Um prova em tudo simbólica, num dia igualmente simbólico de reencontro de avieiros, de convívio, de partilha e de reflexão. De renovação do firme propósito de fazer reviver a cultura dos "ciganos do rio". Para que a sua "vida" não morra e não morrendo, enriqueça a vida de todos quantos vivem. Hoje, amanhã e no futuro distante...

 

No próximo ano, a 2º Estafeta Avieira decorrerá, provavelmente, no sentido inverso "Barreira da Bica", ou outro lugar avieiro (Patacão, por exemplo) até Vieira de Leiria. Quem sabe, as duas equipas deste ano poderão ser multiplicadas por muitas outras. Gente amante do atletismo e apaixonada pelo nosso património, tangível e intangível.

 

Já nos imaginámos a fazer uma corrida de regresso ao passado? Pois foi o que aconteceu, ontem. Regressámos ao passado através dos passos de corrida dos atletas e de muitas outras atividades que não cabem, propriamente, numa crónica de corrida de uma pseudo atleta, emocionada na linha da Meta e de uma apaixonada pelos pescadores de Borda d´Água, na linha de Partida.

 

A todos os elementos organizadores e aos que apoiaram a sua concretização, sem esquecer o imenso trabalho voluntário desenvolvido, um agradecimento especial. Permitam sublinhar a ação dinamizadora do senhor José Gaspar, de Vale de Figueira e membro da Associação para a Promoção da Cultura Avieira.
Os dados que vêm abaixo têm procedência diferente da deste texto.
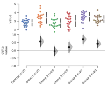 For multiple groups, Geoff Cumming introduced the use of a secondary panel to plot two or more mean differences and their confidence intervals, placed below the observed values panel;[3] this arrangement enables easy comparison of mean differences ('deltas') over several data groupings. Cumming plots can be generated with the ESCI package, DABEST, or the Estimation Stats app.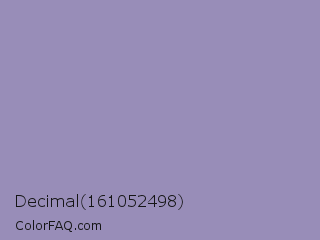 Decimal 161052498 Color is a light indigo color and the nearest color is Amethyst Smoke #a397b4. Hex code #988db8 and RGB value is rgb(152,141,184). In RGB color space, this color is composed of 60% red, 55% green, 72% blue, In CMYK color space, this color is composed of 17% cyan, 23% magenta, 0% yellow , 28% black , In HSL color space, this color has a hue angle of 255° , 23% saturation and 64% lightness.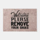 Beau tapis de porte rose or de bienvenue. Retirez les chaussures, s'il vous plaît.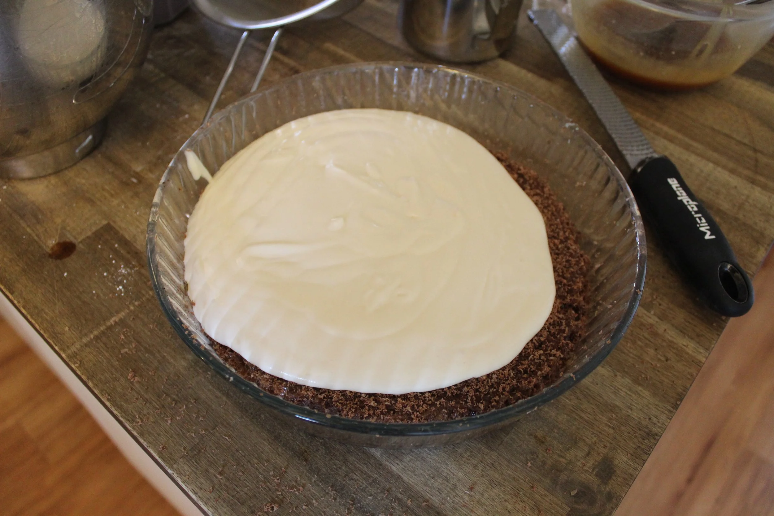 Make a dry caramel. Start with about 100g of caster sugar in a saucepan, heat on low until all of the sugar has dissolvedand you have a light amber colour (do not leave the kitchen!), gradually add in spoonfulls of sugar, waiting for it to melt before adding the next spoonful. When all the sugar is in just monitor it until it reaches a darker amber colour. Now stand back and pour in the marsala. Continue mixing until it is all combined with no lumps. Now add in the cream and mix until combined with no lumps. Remove from the heat. In a heatproof bowl place butter chunks and sea salt. Pour the caramel through a sieve into the bowl and stir to combine the butter and salt. Set it aside for the final assembly.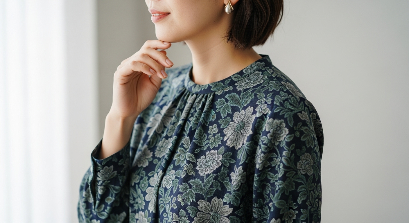 50代の女性は、品格と落ち着きのある花柄スタイルが適しています。
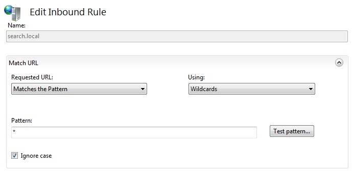 Go to the IIS level “URL Rewrite” settings page. If any default rules were created in the installation of IIS ARR, delete them now. Create a new rule from the blank template and call it “search.local”. Set the Match URL to use Wildcards and enter a pattern of “*”. This ensures that the rule matches and URL that we send to the server - no matter the hostname.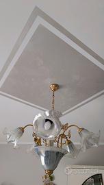 lampadario classico con 5 luci in vetro di murano e particolari in oro - farfalle con cristalli. Lavorato a mano
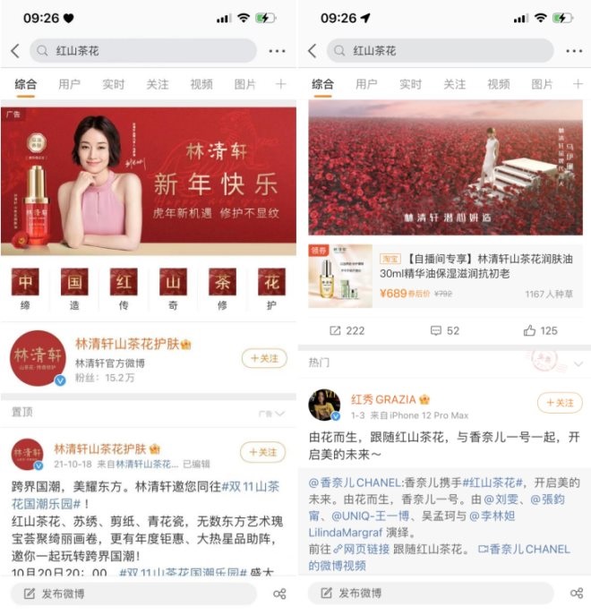 今日,青眼在微博上以“紅山茶花”為關(guān)鍵詞搜索,顯示出的是林清軒投放的廣告。但在林清軒的置頂微博下,第一條微博便是香奈兒紅山茶花的熱門微博,主微博轉(zhuǎn)發(fā)量已突破100萬+,兩廂競爭之勢凸顯。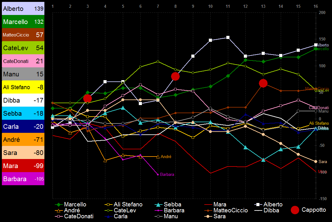 Alla fine i giocatori sono stati 14, cosicché abbiamo adottato la formula dell’eliminazione degli ultimi 2 in classifica, dopo che tutti erano usciti per un turno.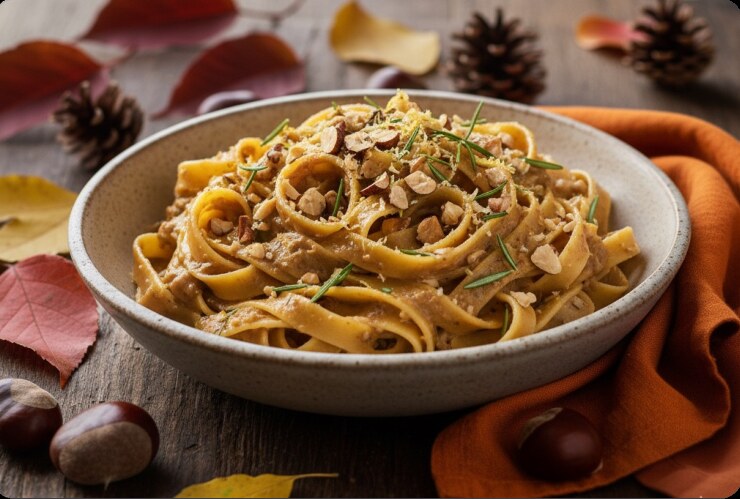 Cremige Marroni-Sauce mit Rosmarin und Zitronenfrische auf al-dente-Pasta – ein feines, nussiges Herbstgericht.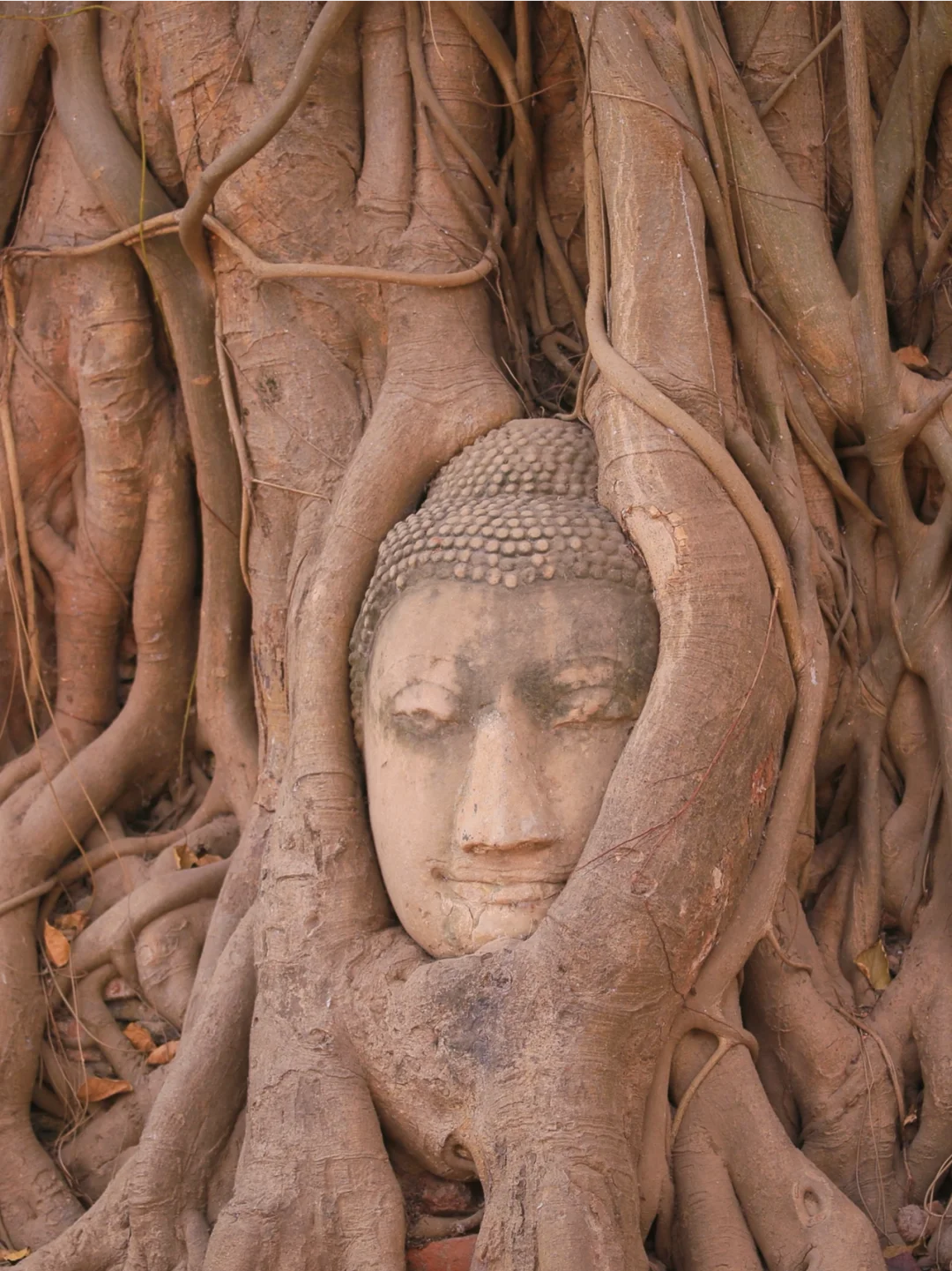 5️⃣大城:树根缠绕佛头前蹲低机位,废墟与新生交织的震撼构图。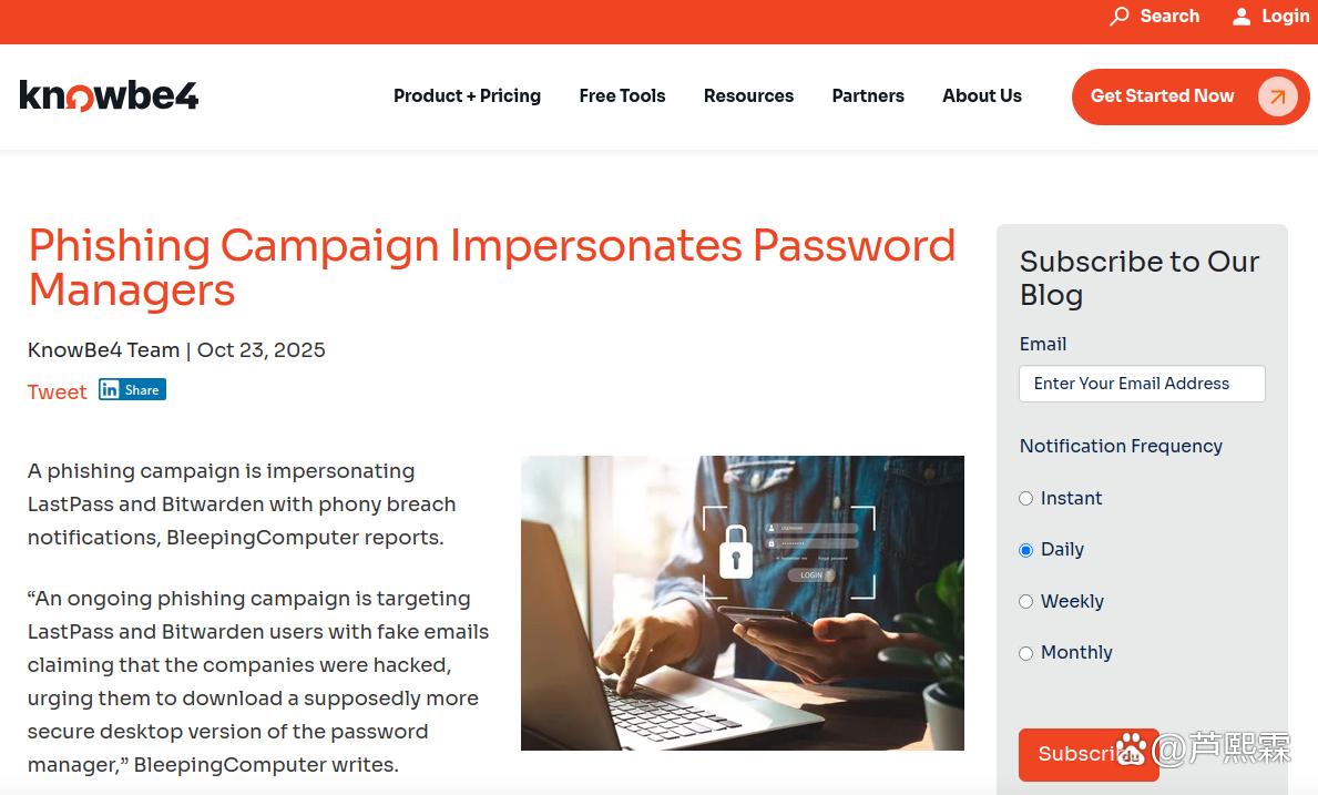 由于服务端无明文凭据,传统数据泄露攻击失效。攻击者转而聚焦用户侧,通过钓鱼、恶意软件或社会工程获取主密码。其中,钓鱼因其低成本、高回报成为首选。尤其当攻击者能精准模仿品牌通知时,成功率显著提升。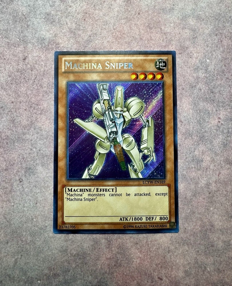 Premium Yu-Gi-Oh cards, all in “mint” or “near mint” condition. These cards have been meticulously cared for and have never been played with. From the moment they were opened, each card was placed in protective sleeves, ensuring they remain in pristine condition. Ideal for collectors and players who appreciate high-quality cards. This exceptional level of care applies to all my other card listings as well. Secure these top-notch cards for your collection today! The "Machina Sniper" card is from the Yu-Gi-Oh! TCG Legendary Collection 3: Yugi's World set. It is a Machine-type creature with an Attack/Power of 1800 and a Defense/Toughness of 800. This Secret Rare card is in English and has unlimited features. Manufactured by Konami, the Machina Sniper card is an Effect card with the card number LCYW-EN169. It is a sought-after collectible for players and collectors of the Yu-Gi-Oh! trading card game.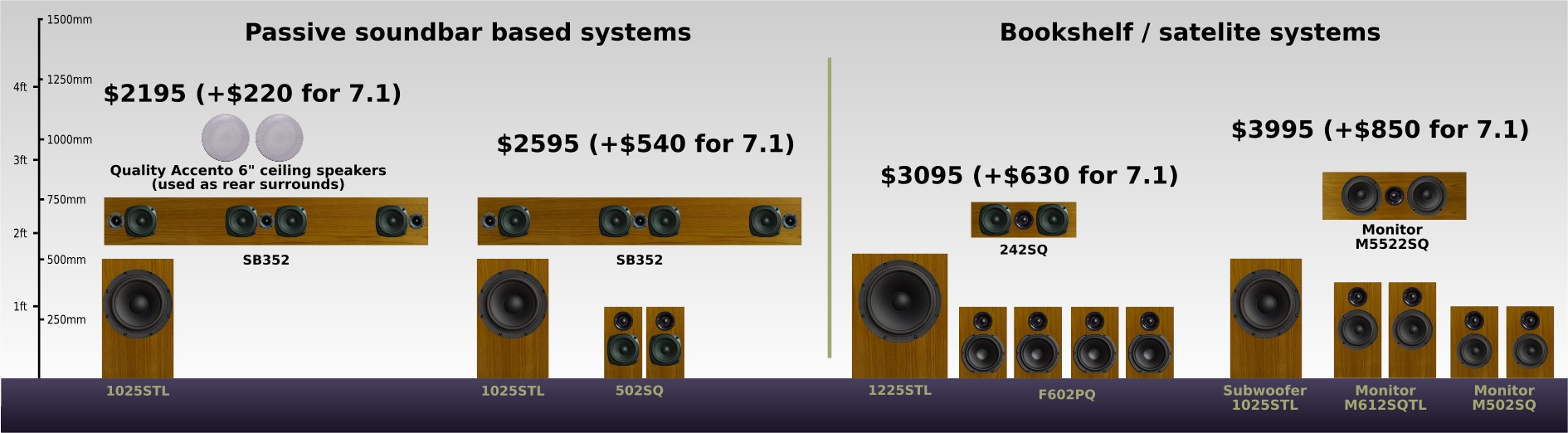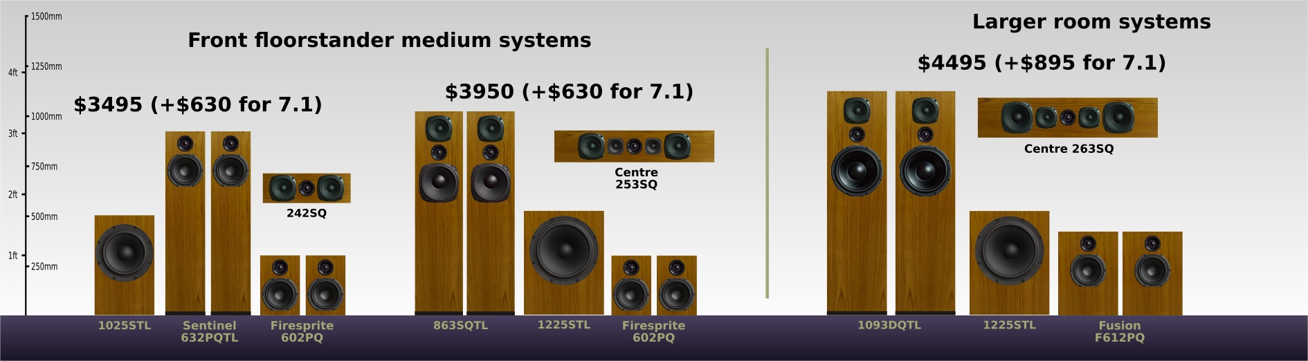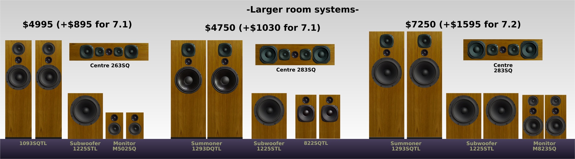 You are quite welcome to mix and match our various speakers to suit your own needs if you know what you want. Or you could choose from a few of our suggested system combinations here as a general guide. Many different systems are possible. Just add the speakers from the series that you want, to create the exact configuration you want.

Decorreu tudo (e foram várias as atividades) de forma excecional. Os sentimentos recorrentes eram "estou feliz" e "acredito no renascimento da cultura dos meus avós, dos meus pais e na recordação da minha meninice".

 

A Barreia da Bica não é só frescura, água e verde. Neste dia, foi corrida, peixe frito e pão caseiro, vinho tinto e muitas histórias de sorrisos.

 

 

 

 

Parabéns aos atletas. Parabéns à Organização. Reconhecidamente gratos aos apoios e patrocínios. Para o ano haverá mais! Contem comigo.